All acknowledged being chauffeured around in the limousine, but denied there is anything wrong with what they did.

In some years, the Central Court contract, which was awarded to Stewart without competitive bidding, has been worth nearly $1 million in annual fees for his Santa Ana firm and its associates.

"The word was out: If you wanted the limousine and you had a legitimate reason and if it was available, you could use it," said Cardenas, who recalled using the vehicle one time "a long time ago" to attend a local charity event with Stewart and his wife.

Cardenas later said he could have been a guest in the car on other occasions. He said he remembers being "impressed" that a law firm would have a limousine at its disposal.

He said he was particularly pleased to learn that Stewart's firm would often provide the car service as a "designated driver" for attorneys, judges or others who may have had too much too drink at functions.

"Because of the drunk-driving thing, most of us tried to be careful," said Cardenas, adding that he never had to avail himself of Stewart's post-party service.

Stewart said he maintained a "pretty open policy" with the car, and, on most occasions, accompanied those who used it.

"I'm not trying to buy judges," Stewart said. "There are judges who are friends of mine. I made the car available to a lot of charity events."

The state's Fair Political Practices Commission requires judges and other elected California officials to report gifts valued at $50 or more--including limousine services. The driver, who requested anonymity for fear of retribution, said the car charge was $25 per hour and--except for quick one-way trips--events typically ran two hours or more.

Neither Cardenas nor Brown, a passenger in the car on at least three occasions in the past three years, reported any such gifts on their annual disclosure statements since 1987, the earliest year the judges' records were available.


Both judges have presided over cases in which Stewart's firm represented indigent clients under terms of the county contract. And Brown once chaired the Alternate Defense Committee, which wields considerable influence over indigent defense policy for the county.

Vasquez, one of five members on the County Board of Supervisors, which has routinely granted contract extensions for Stewart's firm on the recommendation of local judges, said he was a guest in the car on two occasions. The supervisor said he paid the driver for one of the rides, a trip to Los Angeles to meet and dine with French government officials two or three years ago.

But the driver, who took Vasquez to Los Angeles, said the supervisor "did not pay me 10 cents" because it was against the firm's policy for the driver to accept money from passengers.

Also about that time, the supervisor said he used the car on a second outing to host the wife of former U.S. Atty. Gen. Richard Thornburgh for a tour of the Orangewood Children's Home.

Vasquez said he did not reimburse Stewart's firm for the limousine on that occasion, but he did not consider the Orangewood outing as a gift because he was "doing county business" by trying to secure more federal funding for Orangewood.

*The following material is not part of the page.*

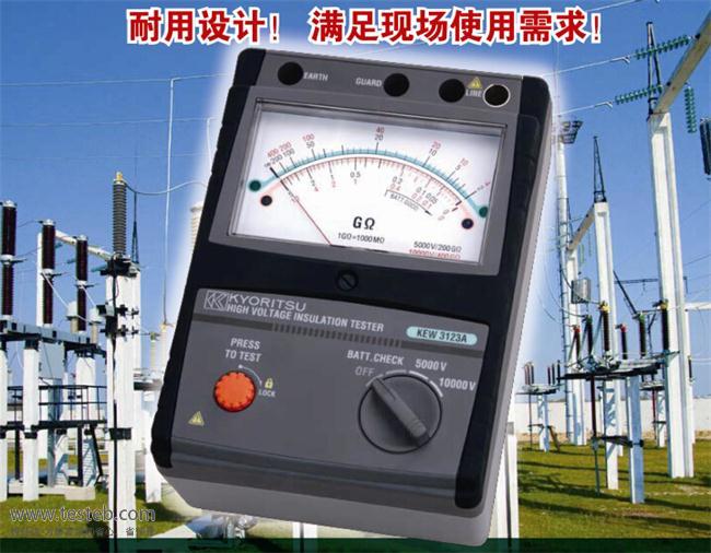 日本共立3123A絕緣電阻測試儀具有5000V/10000V兩檔測試電壓,2000Ω/4000Ω自動量程,具有可任意切換高低量程的雙重刻度顯示面板,耐用設計,滿足現場使用需求。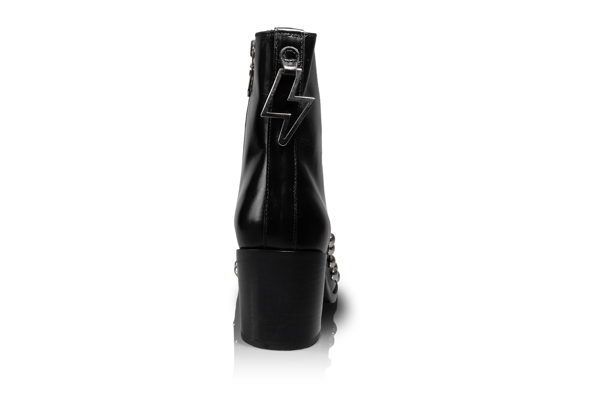 Looking for a city boot? Do it with style in our new THUNDER BLACK. Inspired by the Western style, but modernized with contemporary details that make it stand out. In black leather, with nickel-colored studs; and our BDG icon: a lightning bolt on the back. Leather sole for greater comfort.

Hodges, a key investigator in the prosecution of former Supervisor Don R. Roth on charges related to the improper acceptance of gifts, said he paid both times he used the car, once "chipping in about $20 or $30" for a trip to the airport three or four years ago, and again about two years ago to shuttle friends to a party for an office colleague.

The driver said he recalled Hodges as a passenger in the car more than twice. However, he also said that the investigator once pushed $100 in his shirt pocket after an office party to cover the group's expenses for the four-hour outing, even though the driver was not supposed to accept payments from passengers.

"I've known all those guys a hundred years," Hodges said. "My deal was I paid the driver."

Meanwhile, Judge Cardenas said he did not consider use of the limousine to be a gift because he recalled using it for only a charity event. "It wasn't like I was getting anything out of it," he said. "At the time, everything was very ethical to me."